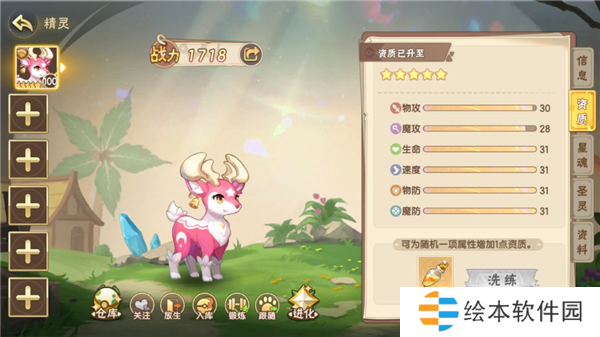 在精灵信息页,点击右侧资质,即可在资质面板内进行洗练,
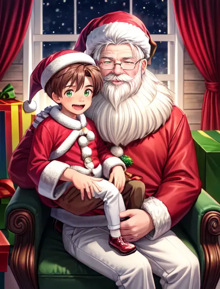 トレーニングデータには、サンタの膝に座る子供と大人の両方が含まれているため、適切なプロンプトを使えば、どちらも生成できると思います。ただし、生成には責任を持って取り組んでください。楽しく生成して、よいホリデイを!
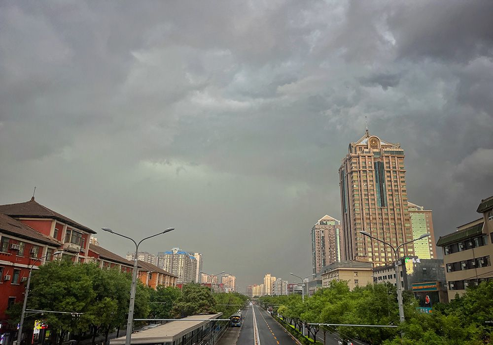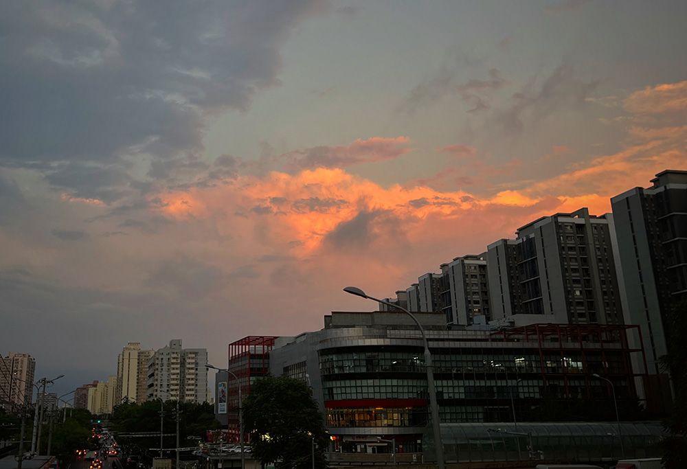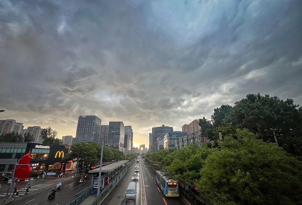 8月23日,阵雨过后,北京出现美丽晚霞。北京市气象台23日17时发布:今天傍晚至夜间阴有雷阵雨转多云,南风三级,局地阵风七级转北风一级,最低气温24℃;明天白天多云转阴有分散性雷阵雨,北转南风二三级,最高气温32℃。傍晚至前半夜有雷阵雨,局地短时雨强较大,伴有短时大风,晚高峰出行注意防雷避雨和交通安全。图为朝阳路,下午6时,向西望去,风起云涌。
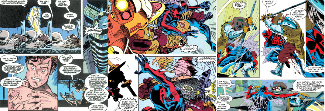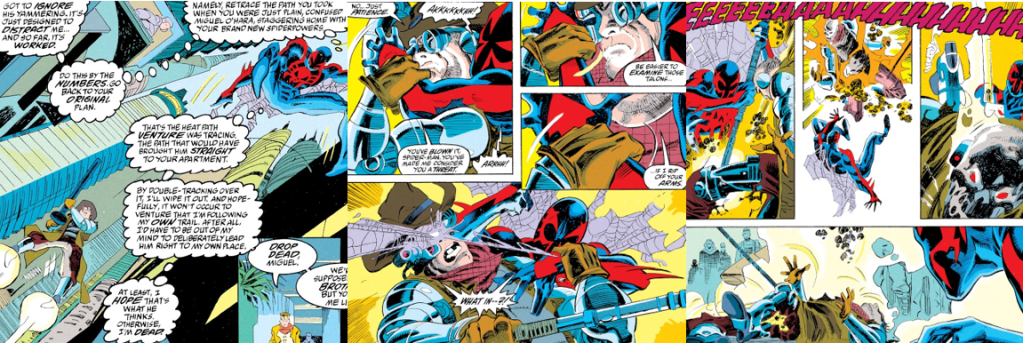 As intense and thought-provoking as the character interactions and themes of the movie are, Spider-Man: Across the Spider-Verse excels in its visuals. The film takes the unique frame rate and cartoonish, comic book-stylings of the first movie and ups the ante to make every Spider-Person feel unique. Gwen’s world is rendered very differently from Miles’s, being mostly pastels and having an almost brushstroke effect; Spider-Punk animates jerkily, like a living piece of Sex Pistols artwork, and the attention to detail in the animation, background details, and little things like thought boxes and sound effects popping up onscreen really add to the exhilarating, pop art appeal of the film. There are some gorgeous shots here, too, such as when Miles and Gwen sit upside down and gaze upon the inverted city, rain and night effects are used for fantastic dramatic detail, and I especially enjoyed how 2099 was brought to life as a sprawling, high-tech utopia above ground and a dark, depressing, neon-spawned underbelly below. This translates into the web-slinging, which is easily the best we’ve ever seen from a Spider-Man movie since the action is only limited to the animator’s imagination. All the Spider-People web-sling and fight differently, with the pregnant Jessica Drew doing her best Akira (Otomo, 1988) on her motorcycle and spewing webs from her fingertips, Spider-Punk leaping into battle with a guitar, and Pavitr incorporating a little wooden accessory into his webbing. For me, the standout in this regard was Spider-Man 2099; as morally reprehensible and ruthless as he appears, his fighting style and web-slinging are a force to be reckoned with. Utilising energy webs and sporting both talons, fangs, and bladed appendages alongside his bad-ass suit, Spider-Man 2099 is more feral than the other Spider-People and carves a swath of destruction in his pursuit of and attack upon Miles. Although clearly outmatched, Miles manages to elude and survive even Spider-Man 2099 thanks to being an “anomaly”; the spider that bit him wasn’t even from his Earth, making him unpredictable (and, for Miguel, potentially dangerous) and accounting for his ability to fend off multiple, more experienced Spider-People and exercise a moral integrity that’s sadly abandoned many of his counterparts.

━━━━━━━━━━

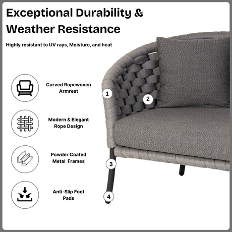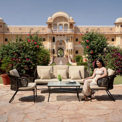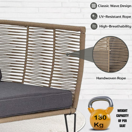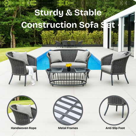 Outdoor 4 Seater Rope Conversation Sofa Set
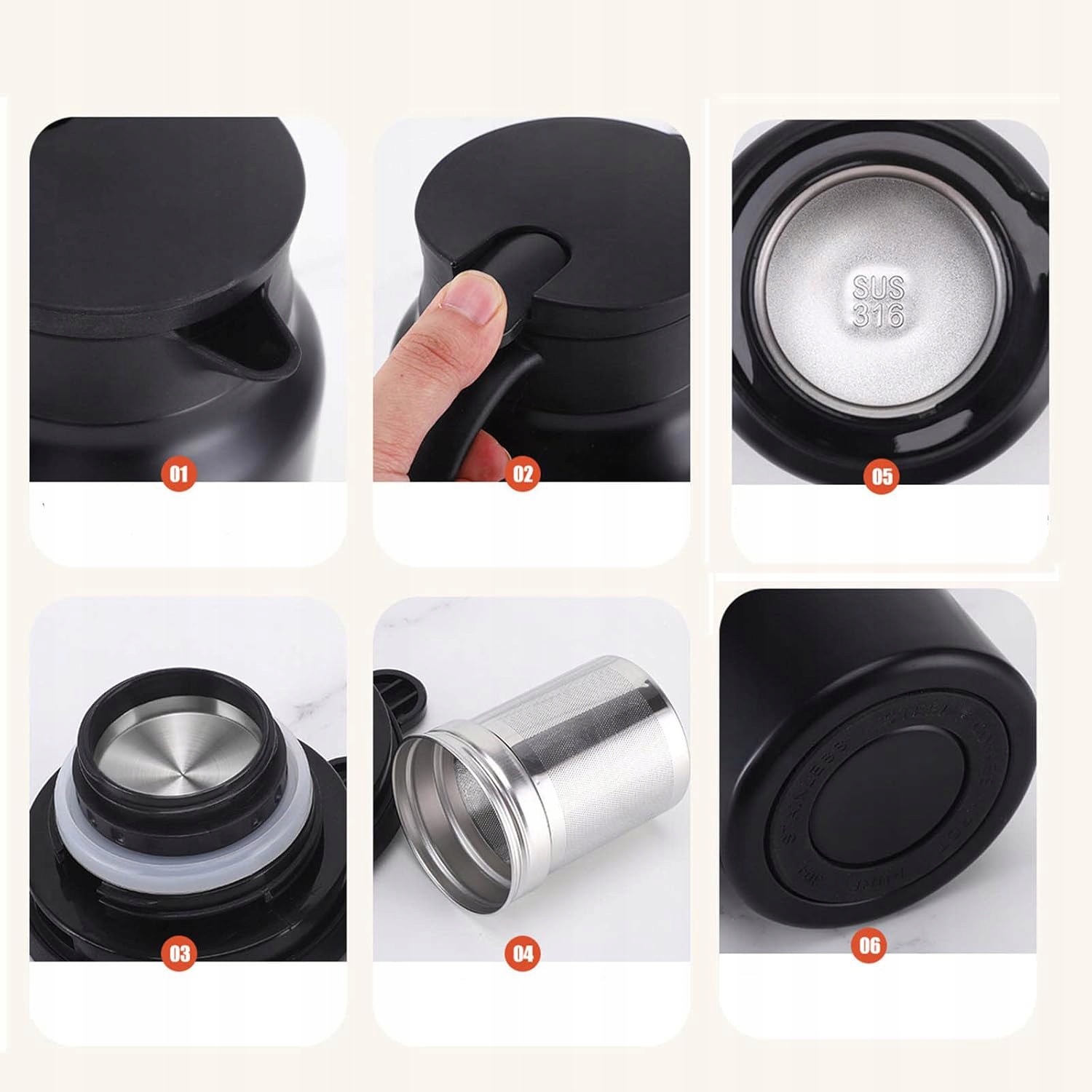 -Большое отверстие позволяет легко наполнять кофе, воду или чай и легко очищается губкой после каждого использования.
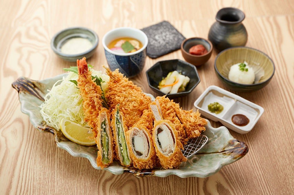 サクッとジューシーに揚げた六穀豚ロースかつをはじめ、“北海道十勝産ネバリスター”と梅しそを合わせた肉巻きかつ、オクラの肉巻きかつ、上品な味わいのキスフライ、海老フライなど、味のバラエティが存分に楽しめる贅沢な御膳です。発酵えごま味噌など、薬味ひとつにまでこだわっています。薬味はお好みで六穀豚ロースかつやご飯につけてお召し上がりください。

━━━━━━━━━━

= TASK STATEMENT =
Above are some entries; copy exactly the lines from the line with "-Большое отверстие позволяет" through the line with "サクッとジューシーに揚げた六", both included, but none of the pictures.

= ANSWER =
 -Большое отверстие позволяет легко наполнять кофе, воду или чай и легко очищается губкой после каждого использования.
 サクッとジューシーに揚げた六穀豚ロースかつをはじめ、“北海道十勝産ネバリスター”と梅しそを合わせた肉巻きかつ、オクラの肉巻きかつ、上品な味わいのキスフライ、海老フライなど、味のバラエティが存分に楽しめる贅沢な御膳です。発酵えごま味噌など、薬味ひとつにまでこだわっています。薬味はお好みで六穀豚ロースかつやご飯につけてお召し上がりください。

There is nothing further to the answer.